When an individual has worked hard, kept the comittment and seen the 'fruits' of their labor, it's difficult to get them to change the routine that has gotten them the results, reached the goals and acheived the body they wanted. 
However, if you do not CHANGE your routine in some subtle ways, the progress and the changes will stop!

The body is an amazingly effecient machine... It hates stress, whether it be mental (stress at work, under a deadline, home alone with the kids, ect...) or physical (working out, resistance training).  Your body will strive to find the path of least resistance when under stress.  This is called Homeostasis.

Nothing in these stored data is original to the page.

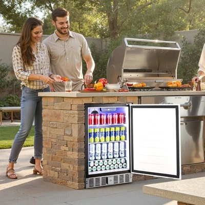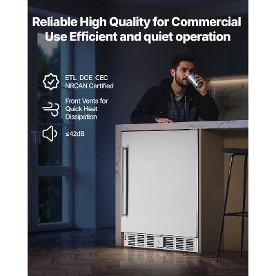 Durable and Reliable: This built-in or freestanding beverage fridge is weather-resistant for outdoor use. It comes with a door lock at the bottom to effectively prevent accidental injuries, especially by children.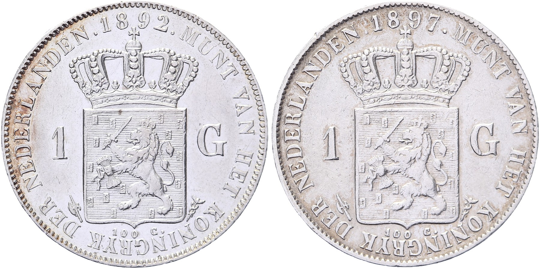 Lot (2) 1 Gulden 1892 en 1897 Sch. 795 en 797 Ruim zeer fraai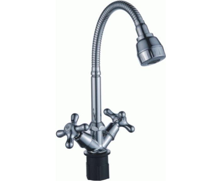 Эверест Смеситель для кухни (Zn) гибкий гофрированный излив, двухвентельн, гайка, хром, B58-340M (!)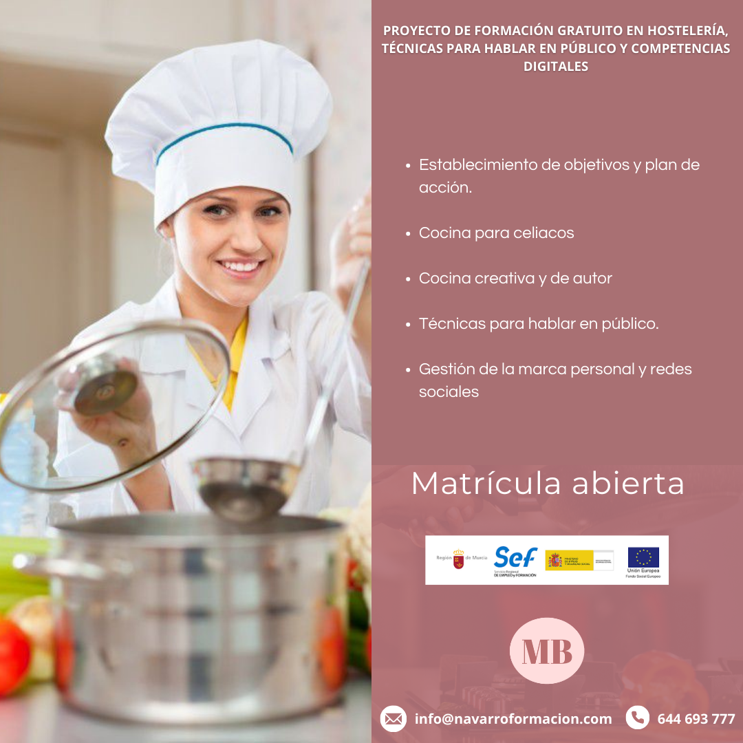 Formación en cocina, competencias digitales y técnicas para hablar en publico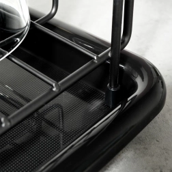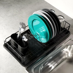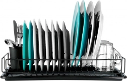 Include un coș pentru tacâmuri cu două compartimente, detașabil, pe care îl poți poziționa în interiorul uscătorului sau în exterior, după preferință. Aspectul minimalist și nuanța neagră atemporală se potrivesc interioarelor clasice, moderne și industriale.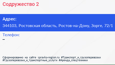 Содружество-2 по адресу 344103, Ростовская область, Ростов-на-Дону, Зорге, 72/1 в дальнейшем Организация, размещена в следующих категориях:
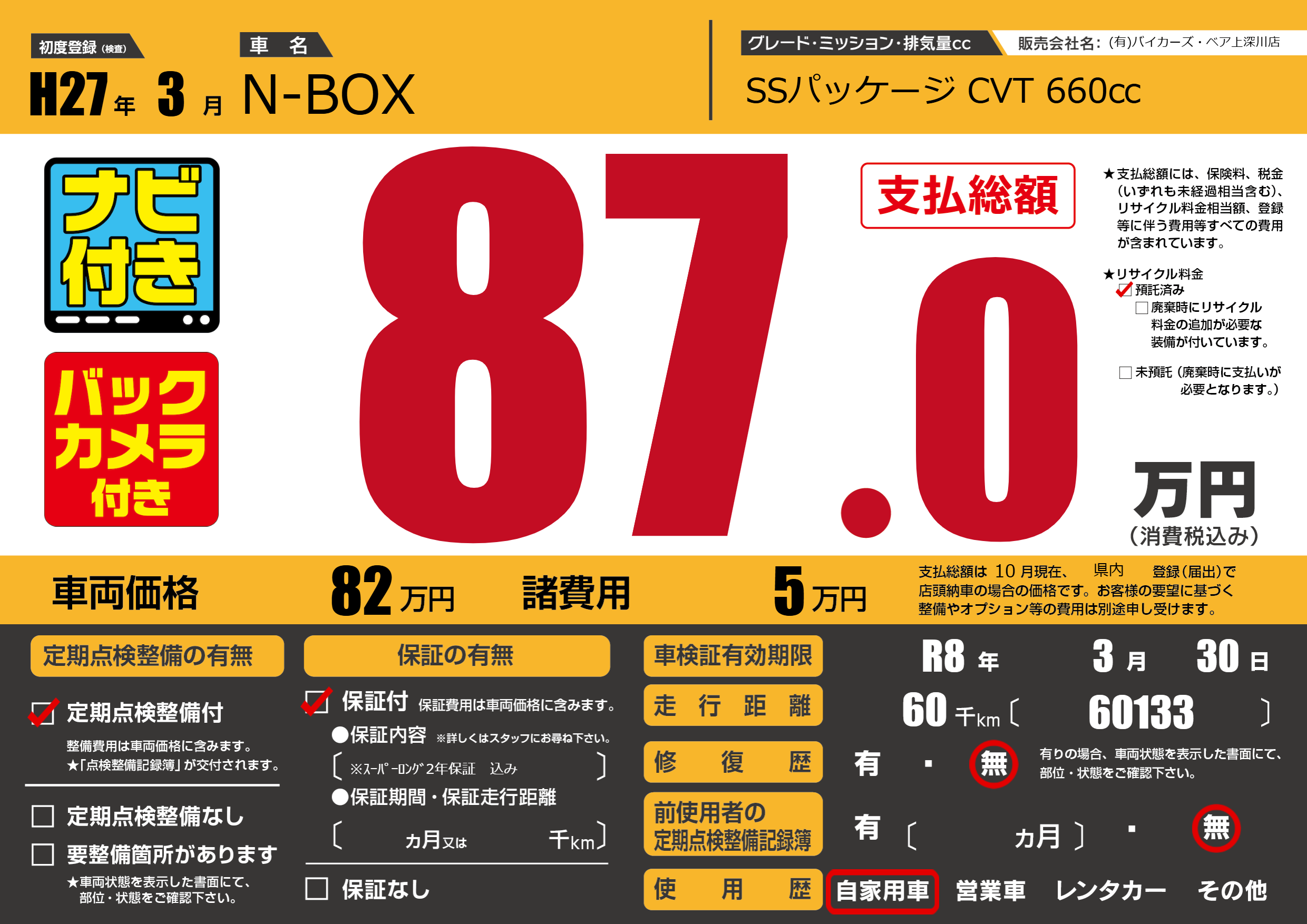 なし | 車検制限 | R8年3月30月 |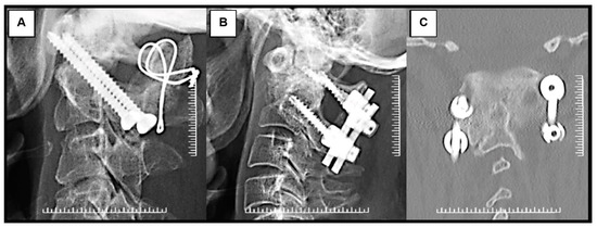 Radiographic images of patients with reducible nonunited type II odontoid fracture with myelopathy treated with (A) Magerl’s C1-C2 transarticular screw fixation technique augmented with supplemental wiring and (B) Harms-Goel C1-C2 screw-rod segmental fixation technique. Coronal CT scan imaging (C) shows C1-C2 complex screw construction with solid fusion mass in Harms-Goel C1-C2 screw-rod segmental fixation technique at 3-month follow-up.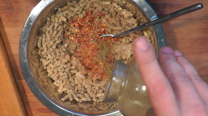 Готовим основу как и для пхали со свеклой. Отличие заключается в том, что для грибов я использую не острый а черный перец и уцхо-сунели. В отличие от хмели-сунели, которая включает в себя до 20 различных специй, уцхо-сунели это приправа, приготовленная из одной травы - голубого пажитника. И кстати, она сама обычно входит в состав хмели-сунели. Уцхо-сунели редко встречается в обычном магазине, но эту приправу вполне можно встретить в небольших магазинчиках продающих специи. Если не найдете, то можно смело заменить на хмели-сунели. Так же перемалывать основу, а заодно и перемешивать можно вместе с обжаренными грибами.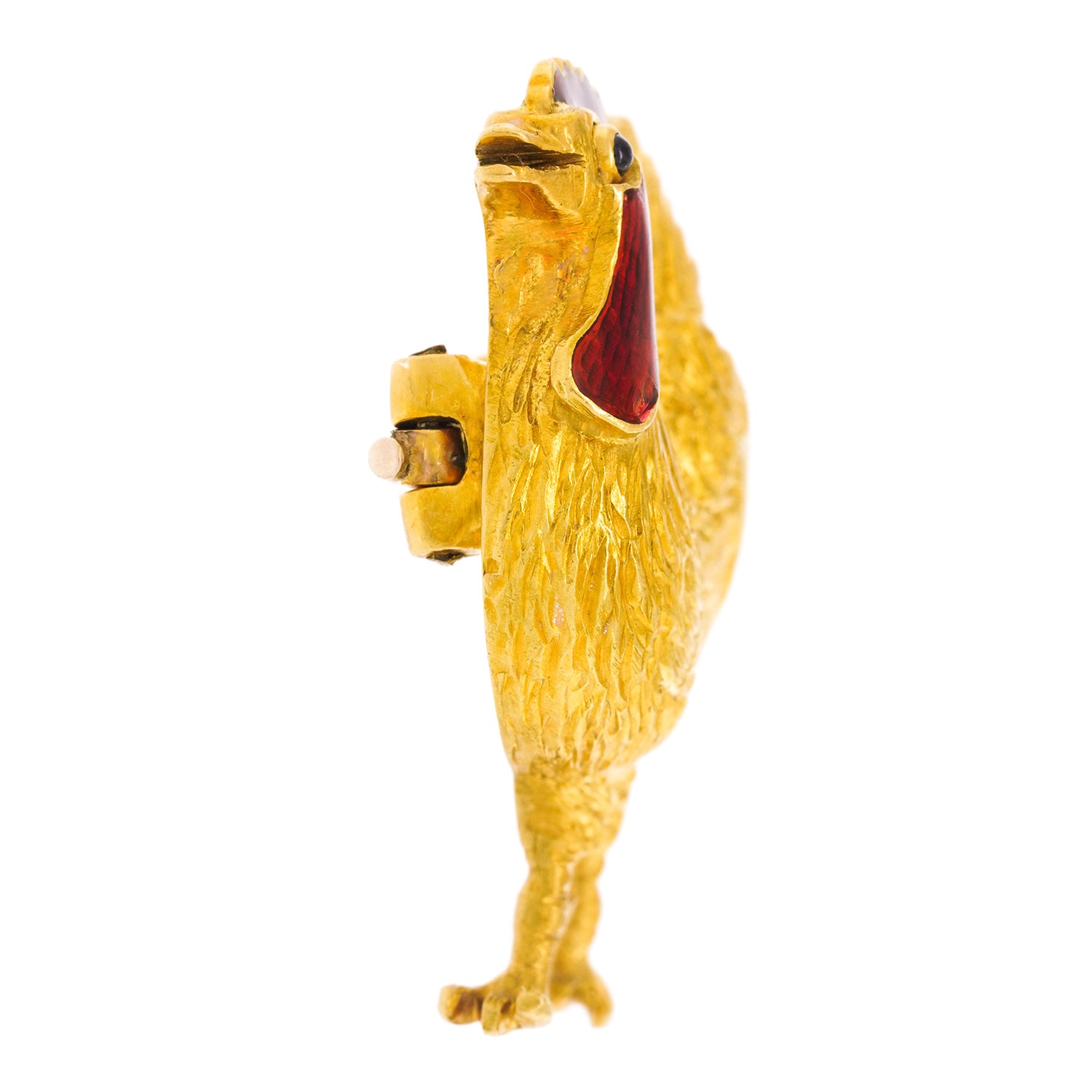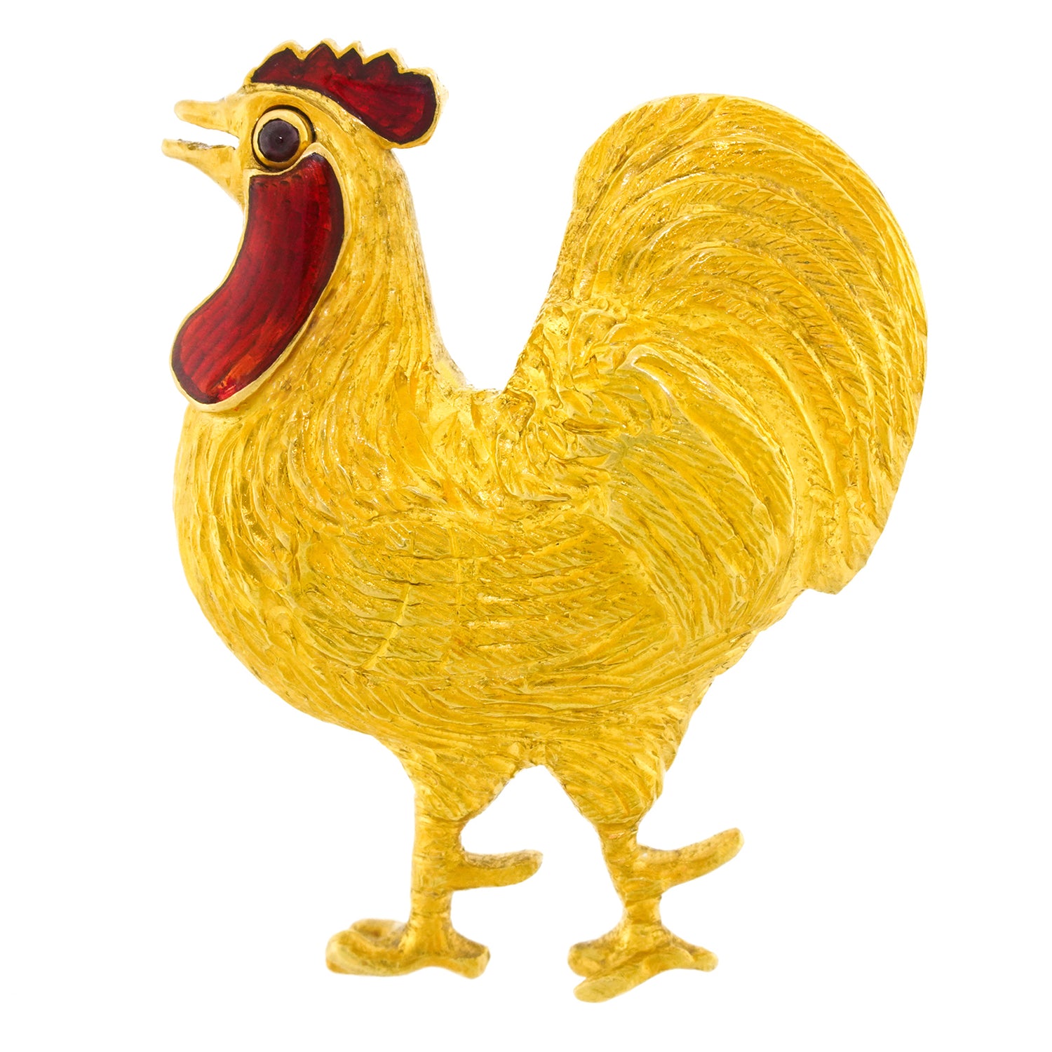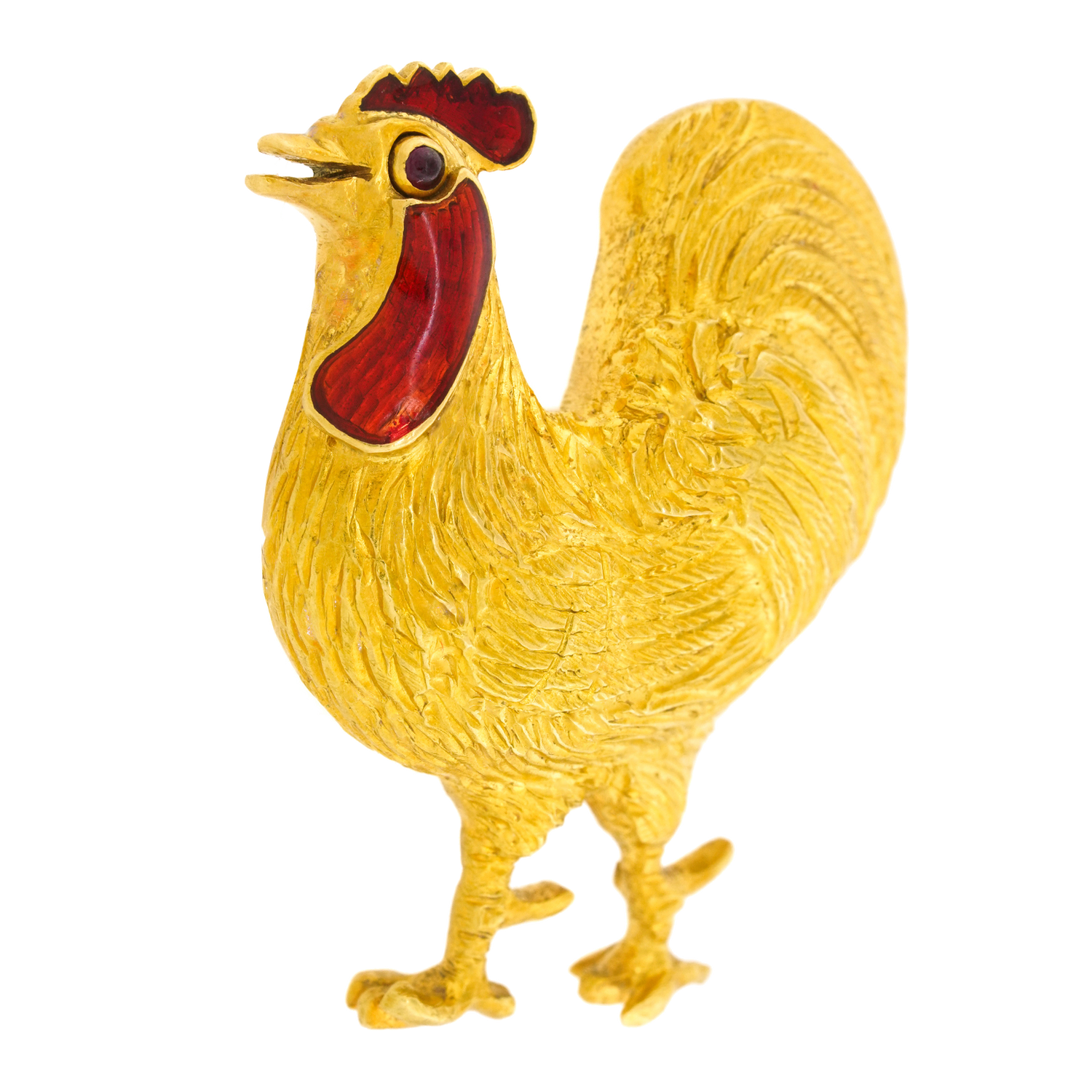 Circa 1969, 18k, by Tessier, London. This charming Chanticleer pin is beautifully figured, well-sized, and finely fabricated. Set with a ruby eye and accented with bright red enamel, the look is smart town and country. Chic! Excellent condition.

Whenever you begin to exercise or start a new routine, the body will not know what muscles to activate in order to overcome the movement.  For example, lets say you begin step aerobics and in the first month you lose 10lbs.  What is happening is the body is activating your muscles in order to overcome the stress your putting it through.  In month 2, your body is beginning to learn what muscles it needs the most and the ones that it may not need to work as hard.  By month 3, the body has become efficient at identifying exaclty what muscles should be stimulated and what muscles do not need to be stimulated.  This reduces the amount of stress your body is under, but the less muscle you stimulate the less calories your burning thus the less weight you lose.

There are a few set of rules that one should follow in order to keep their routine interesting and effective.  These are fail-safe, effective rules that I ALWAYS teach my clients to empower them.  You can take these rules to any gym across the world and feel competent and confident in your routine.

Rule #1: FITT Principle
    Frequency - How often your working the muscle group. (Days/week)
    Intensity - How many reps are you doing.  (8-12, 12-20, 20+, 4-8 optional)
    Time - The amount of time taken in between sets. (30 secs., 60 secs., 120 secs.)
    Type - What type of exercises are your doing.

Follow these rules to maximize your time in the gym.  I always tell my clients to make sure your getting "100 pennies on the dollar" when it comes to your time in the gym and this principle is one way to make sure your making every minute inside the gym... COUNT!!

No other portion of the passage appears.